══ COLLECTED MATERIAL
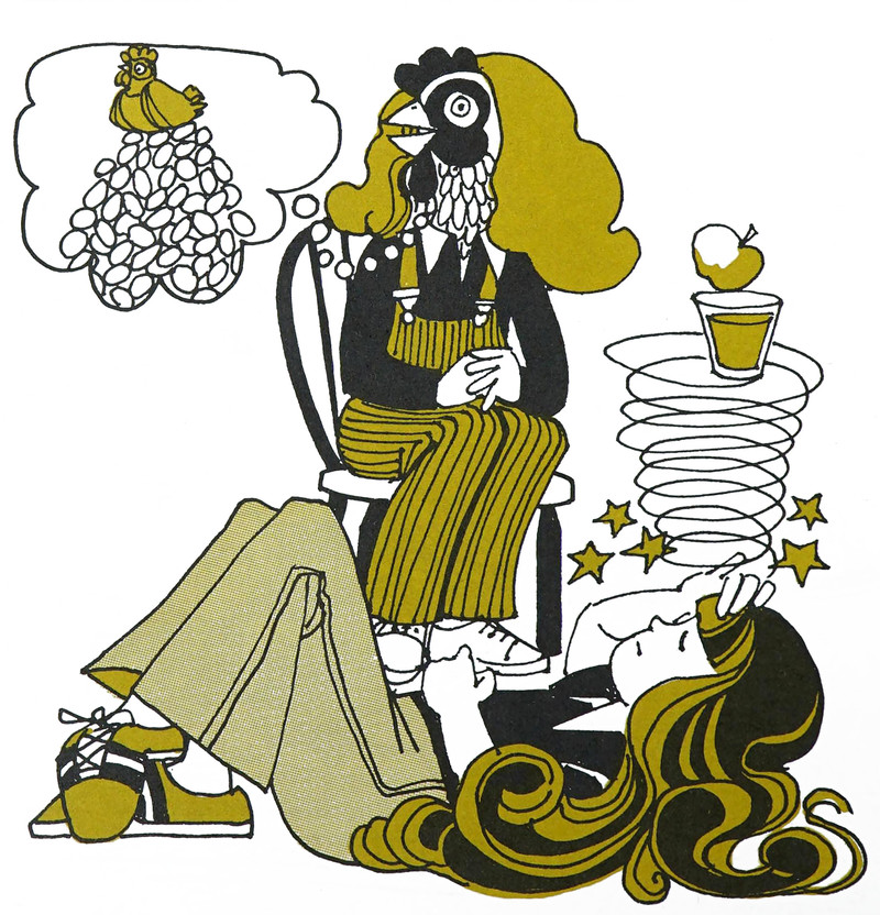 #vintage illustration #hybrid #seeing stars #drunk #hallucination #1970s #illustration #chicken people #chicken headed
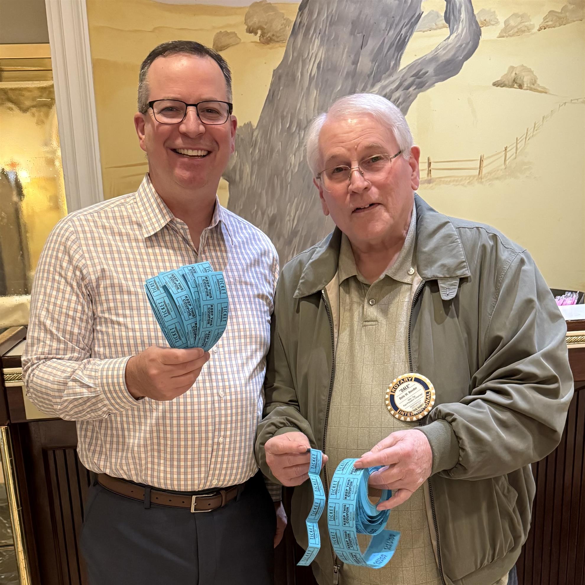 GREETERS, JEFF BELL and DALE BENDER, greeted the masses with smiles and 50/50 Opportunity Drawing tickets in hand — proving once again that Rotary hospitality comes with a shot at easy money.
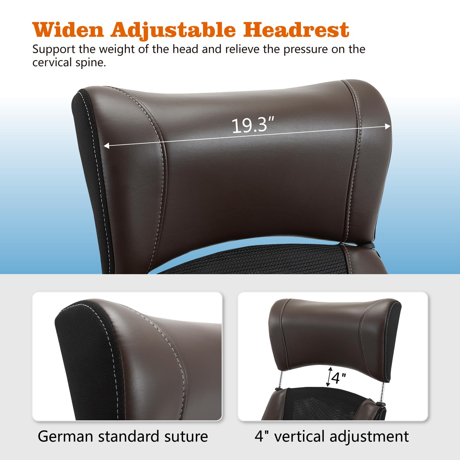 - Adjustable Support: The Ergonomic Desk Chair offers comprehensive adjustability to promote proper posture and reducing discomfort even during prolonged use. The headrest is height-adjustable, allowing you to find the perfect position to support your neck and upper back. It provides lumbar support to maintain the natural curve of your spine and alleviate strain on your lower back. The backrest can be reclined up to 45°, enabling you to relax and recline whenever without compromising on support.
════
→ **DIRECTIONS FOR THIS TASK**: From the material above, copy everything exactly but the pictures.

→ **ANSWER TO THIS TASK**:
 #vintage illustration #hybrid #seeing stars #drunk #hallucination #1970s #illustration #chicken people #chicken headed
 GREETERS, JEFF BELL and DALE BENDER, greeted the masses with smiles and 50/50 Opportunity Drawing tickets in hand — proving once again that Rotary hospitality comes with a shot at easy money.
 - Adjustable Support: The Ergonomic Desk Chair offers comprehensive adjustability to promote proper posture and reducing discomfort even during prolonged use. The headrest is height-adjustable, allowing you to find the perfect position to support your neck and upper back. It provides lumbar support to maintain the natural curve of your spine and alleviate strain on your lower back. The backrest can be reclined up to 45°, enabling you to relax and recline whenever without compromising on support.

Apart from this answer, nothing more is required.